Há menos riscos ameaçando a economia global no curto prazo, mas o futuro não será nada promissor no longo prazo, pelo que se depreende dos documentos que o Fundo Monetário Internacional divulgou antes de sua reunião anual. O ritmo de crescimento global foi rebaixado mais uma vez, para 3,1%, e deve melhorar um pouco no ano que vem, para 3,4%. Países emergentes importantes, como Brasil e Rússia, estão saindo da recessão, enquanto que a China tem conseguido calibrar a desaceleração de sua economia às custas de novas injeções de crédito, empurrando problemas graves para a frente. A saída do Reino Unido da União Europeia não provocou as ondas de choques que se temia. Tudo isso desanuviou as incertezas.
Mas o horizonte para as economias avançadas é de baixo crescimento, ameaça ainda presente de deflação, produtividade em queda, baixo investimento e políticas monetárias expansionistas - ambiente propício à eclosão de novas crises. O baixo crescimento impede resolução mais rápida da desalavancagem das empresas e das famílias, a espiral de endividamento que antecedeu a crise financeira de 2008 e que ainda ameaça as economias avançadas e algumas emergentes.

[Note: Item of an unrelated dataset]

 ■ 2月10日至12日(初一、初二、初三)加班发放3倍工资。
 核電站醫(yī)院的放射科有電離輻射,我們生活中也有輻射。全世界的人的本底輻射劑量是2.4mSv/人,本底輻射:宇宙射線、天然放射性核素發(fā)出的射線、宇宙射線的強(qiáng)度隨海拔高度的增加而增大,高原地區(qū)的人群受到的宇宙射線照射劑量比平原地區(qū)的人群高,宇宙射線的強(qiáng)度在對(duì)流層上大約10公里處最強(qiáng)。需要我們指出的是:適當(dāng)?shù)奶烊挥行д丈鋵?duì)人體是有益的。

Segundo o FMI, a pilha de débitos globais atingiu o recorde de US$ 152 trilhões, ou 225% do PIB mundial. Dois terços deles, ou US$ 100 trilhões, são do setor privado. "O elevado débito privado não apenas aumenta as chances de um crise financeira como também dificulta o crescimento, pois devedores muito endividados eventualmente diminuem seu consumo e investimento", em um círculo vicioso apontado pelo Monitor Fiscal.
Não deixa de ser surpreendente que dívidas elevadas provocadas por um boom de crédito em várias economias avançadas continuem crescendo após um quase colapso econômico. Para o FMI, o processo, previsível após uma crise financeira, ainda levará mais tempo do que o previsto na ausência de uma recuperação econômica mais robusta - que não está no horizonte.
Os técnicos do FMI olharam para o passado - 27 episódios em economias ricas entre 1980 e 2006 - e constataram que a desalavancagem levou em média 5 anos. Assim, tomando como ponto de partida 2009, o FMI constatou que a resolução do problema deveria estar bem avançada. Não está: a redução das dívidas privadas foi de apenas um terço em relação aos precedentes históricos e os níveis de endividamento agora "são significativamente maiores".
O FMI recomenda ações fiscais para coadjuvar a política monetária e propõe, quando for o caso, o uso de subsídios e outros incentivos para alongar o prazo das dívidas, sanear bancos com créditos não pagos etc. No entanto, essa não é uma receita geral e tem inconvenientes. Um deles é que a dívida pública também cresceu nos países desenvolvidos durante esse período. O outro é que, dependendo da saúde fiscal no início da crise, não há espaço para o impulso fiscal.
Se a deterioração das contas públicas antecedeu ou foi concomitante à piora dos balanços privados e das famílias, a recessão decorrente não poderá ser tratada com medidas anticíclicas. É o caso de alguns países desenvolvidos e, aponta o Fundo, de países emergentes sistemicamente importantes, como o Brasil. "Países que começam a crise financeira em uma fraca posição fiscal têm que cortar gastos públicos em um momento em que seus efeitos multiplicadores fiscal são provavelmente altos", assinala o Monitor.
O documento detalha a situação brasileira. A dívida bruta, de 63,7% do PIB em 2007, crescerá nos próximos anos até chegar a 93,6% do PIB em 2021, 30 pontos percentuais acima da média da América Latina. A dívida líquida avançará nesse período 13,1 pontos percentuais do PIB. Supondo que a PEC do teto de gastos seja aprovada, o FMI prevê um mirrado superávit primário de 0,3% em 2020. O déficit nominal (inclui juros), será em 2021 de 6,4% do PIB, quase o triplo dos 2,17% do PIB de 14 anos antes. O diferencial entre juro e crescimento - quando negativo, a dívida cai - será positivo em 4,1% de 2016 a 2021.
Por isso a missão do FMI que esteve no Brasil sugeriu que, logo que possível - quando o crescimento voltar - o governo busque, com medidas também pelo lado das receitas, um superávit primário de 3,5% do PIB ao longo de cinco anos. É pouco provável esperar algo nesse sentido de um governo que tem pouco mais de dois anos pela frente e depende de uma base partidária pouco estável.